I glance at the oversize black shirt I wear.

Well, change, then escape.

I head for the walk-in closet next to the bathroom. Halfway there, a scrap of lace hanging inside it catches my eye.

My stomach bottoms out as, for an instant, I’m filled with dread that some other woman has been here with Memnon.

No, that can’t be right. Can it?

I hate that I care. He and his poor life choices can rot.

Still, my pulse pounds between my ears as I hustle toward the closet, drawn by a horrified fascination at what I might find inside.

Women’s clothing? Weapons? Bodies? Who the fuck knows.

The walk-in closet is about as big as my entire room at the coven. He’s such a rich bitch. Despite the space, there’s not much inside as far as Memnon’s clothes go. I see a handful of suits hanging up as well as some folded shirts and pants on the shelves.

Not that I’m paying much attention to those.

My eyes are pinned to that single scrap of lace, which now that I’m closer looks like a slip dress. I reach for it, my stomach plummeting at the thought of someone else wearing this around Memnon until I notice it has a tag still attached.

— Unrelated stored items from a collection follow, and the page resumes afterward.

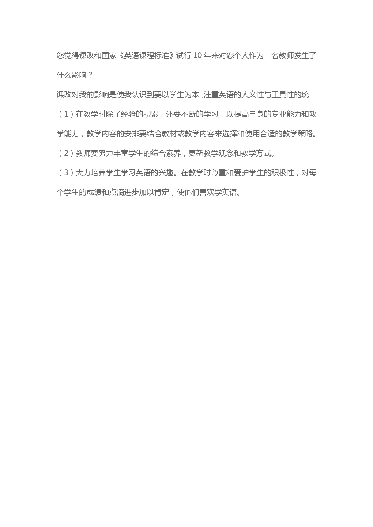 您觉得课改和国家《英语课程标准》试行10年来对您个人作为一名教师发生了什么影响? 课改对我的影响是使我认识到要以学生为本,注重英语的人文性与工具性的统一(1)在教学时除了经验的积累,还要不断的学习,以提高自身的专业能力和教学能力,教学内容的安排要结合教材或教学内容来选择和使用合适的教学策略。(2)教师要努力丰富学生的综合素养,更新教学观念和教学方式。 (3)大力培养学生学习英语的兴趣。在教学时尊重和爱护学生的积极性,对每个学生的成绩和点滴进步加以肯定,使他们喜欢学英语。
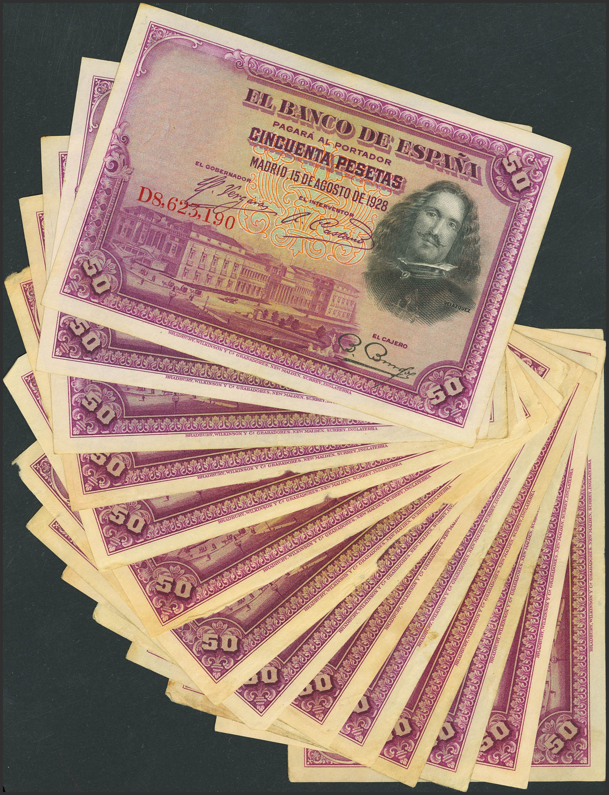 Conjunto de 15 billetes de 50 Pesetas, emitidos el 15 de Agosto de 1928, con diferentes series. (Edifil 2023: 354). Diversos estados de conservación. A EXAMINAR
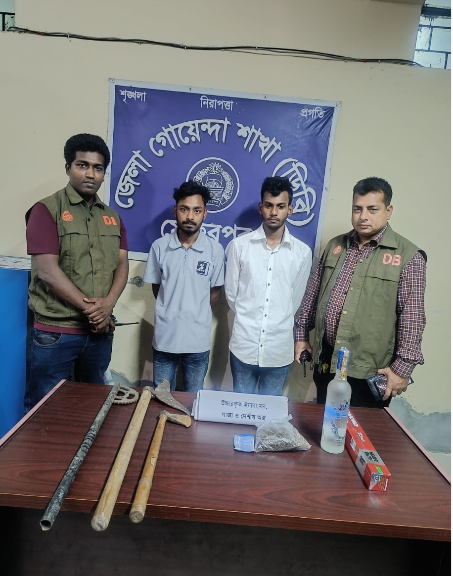 মেহেরপুর শহরের ফুলবাগান পাড়ায় অভিযান চালিয়ে দেশীয় অস্ত্র, ইয়াবা, গাঁজা ও বিদেশি মদসহ দুই যুবককে গ্রেপ্তার করেছে জেলা গোয়েন্দা শাখা (ডিবি) পুলিশ। এ ঘটনায় আরও একজনকে পলাতক আসামি হিসেবে উল্লেখ করা হয়েছে।

I exhale, my breath shaky. Okay, so it’s not some mystery woman’s. What a relief. For her, of course. Best not to get within striking distance of this dude.

Letting it go, I tug out another dress. This too has a tag still attached.

All the women’s clothes seem to have tags.

They’re also all roughly my size.

These are meant for me, I realize.

That really shouldn’t stun me—Memnon intends to marry me, after all. Still, this is…a lot.

An old feeling, one that belongs to Roxilana, rises.

This would’ve won her over. Easily.

Before Memnon took her away and married her, she had little to her name. Even for me, independent though I am, being doted on is alluring.

This is blood money, Selene. And the price is letting the asshole get his way.

Dicks will sprout wings before that happens.

I stare at the clothes a moment longer. I do have to get dressed, I concede. I rifle through the women’s clothing until I find a pair of jeans and a simple white shirt.

Goddess, forgive me for taking from the devil.

On a shoe rack below, there are three different pairs of shoes in my size, one of which happens to be a set of Doc Martens.

I grab the combat boots.

Forgive me, Goddess, for taking these too. And for keeping them.

I mean, it’s not every day one gets new Doc Martens.

Grabbing the items, I head into the bathroom and quickly pull on the clothes, my agitation growing. I don’t know where Memnon is, but the time I have before he returns is limited.

When I straighten, I notice that tucked into the bathroom mirror is a photo. Of me.

In it, I’m clinking a champagne flute with a few people who are off camera. I know from memory that it was taken this last New Year’s Eve, when Sybil and I and a few of her coven sisters were all at an apartment party. It’s an action shot of me, one where I’m genuinely smiling and my eye just happened to catch the camera.

My heart does a funny thing, finding this picture in Memnon’s otherwise bare bathroom, knowing he must’ve taken it from one of my photo albums and placed it here where he’ll see it every day, alongside his own face.

I stride out of the bathroom and snatch up my phone, which rests on one of the bedside tables. It clings to a mere five percent of battery life.

I slip it into my back pocket and survey my surroundings once more.

There’s not much to see in this room, nor was there much to the bathroom and closet. For some reason, I assumed there would be. Memnon is good at playing the game of rulers, and in the modern world, so much of that is owning lots of expensive things. But so far, there’s really not that much that screams self-involved.

I guess my warlord ex is a little too rugged to bother with more creature comforts. That, or he’s still amassing his wealth, one victim at a time.

I need to go, now.

Yet my attention moves to the one place where Memnon has accumulated items: his bookshelf. Without intending to, my feet lead me over to it.

There are books from Pliny the Elder written in their original Latin, alongside the Greek versions of The Iliad, The Odyssey, and Herodotus’s writings, and some ancient poetry. There’s a biography of Nero as well as some histories of Europe, Asia, Africa, and the Americas that span the time frame when Memnon and Roxilana lived.

My eyes move to the lower shelves, where they snag on the familiar spines of my notebooks.